Reputation:
I would like to randomly reorder each column separately between given blocks of rows of a data frame. The row blocks are consecutive as shown:
mylist=list(1:50,51:52,53:102,103:128,129:154,155:180,181:206,207:232,233:258,259:284,285:310,311:336,337:362,363:388,389:414,415:440,441:466,467:492,493:518,519:544,545:570,571:596,597:622,623:648,649:674,675:700)
Say I have a data.frame called dat. It is 700 rows and 50 columns. So basically, for each of these 26 row blocks, I would like each column to be randomly reordered within.

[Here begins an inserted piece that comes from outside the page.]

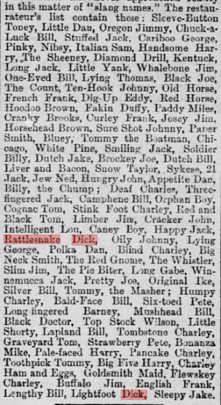Oh yeah. Let me pull those up. So yeah, I found this list in a newspaper of what they found to be enjoyable outlaw nicknames and Rattlesnake Dick is in this list, but there’s some other great ones. So right off the bat, one of my favorites. The first one, the name “Sleeve Button Tony”. Like Tony is known for having sleeves with buttons on it.

An example with a smaller data.frame could be A =
1 1 1 1 1
2 2 2 2 2
3 3 3 3 3
4 4 4 4 4
5 5 5 5 5
6 6 6 6 6
7 7 7 7 7
8 8 8 8 8
9 9 9 9 9
where each row bin is as follows:
mylist=list(1:2,3:6,7:9)
could lead to the reordered data frame B=
1 2 1 1 1
2 1 2 2 2
3 4 3 5 3
4 6 4 3 4
5 5 5 6 5
6 3 6 4 6
8 9 8 7 9
9 7 9 8 8
7 8 7 9 7
Thank you.
Upvotes: 2
Views: 372
Reputation: 67828
You may try this:
# create a 'blocking variable'
block <- rep(x = seq_along(mylist), times = sapply(mylist, length))

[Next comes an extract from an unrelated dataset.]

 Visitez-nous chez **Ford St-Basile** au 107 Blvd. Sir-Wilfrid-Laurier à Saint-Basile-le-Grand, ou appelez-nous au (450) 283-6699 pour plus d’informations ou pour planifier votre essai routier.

# within each block, loop over columns and 'shuffle' each column using `sample`
set.seed(1)
B <- do.call(rbind.data.frame,
by(A, block, function(dat){
sapply(dat, function(x) sample(x))
})
)
B
# V1 V2 V3 V4 V5
# 1.1 1 2 1 2 2
# 1.2 2 1 2 1 1
# 2.1 3 6 4 5 3
# 2.2 6 4 5 3 4
# 2.3 4 5 6 6 5
# 2.4 5 3 3 4 6
# 3.1 8 7 9 8 9
# 3.2 9 8 7 9 8
# 3.3 7 9 8 7 7
Update following @Ananda Mahto's comment:
If B
doesn't have to be a data frame and you are happy with a matrix instead, do.call(rbind.data.frame,
can be replaced with do.call(rbind,
, which will be faster.
Upvotes: 1
Reputation: 193687
Here is one approach. It doesn't require a data.frame
named "A" to exist first and, like BrodieG's answer, assumes that there are no holes or repeats in "mylist".
This will result in a matrix with the number of columns specified by Ncol
.
Ncol <- 50 # Number of columns
A1 <- seq_along(unlist(mylist, use.names = FALSE))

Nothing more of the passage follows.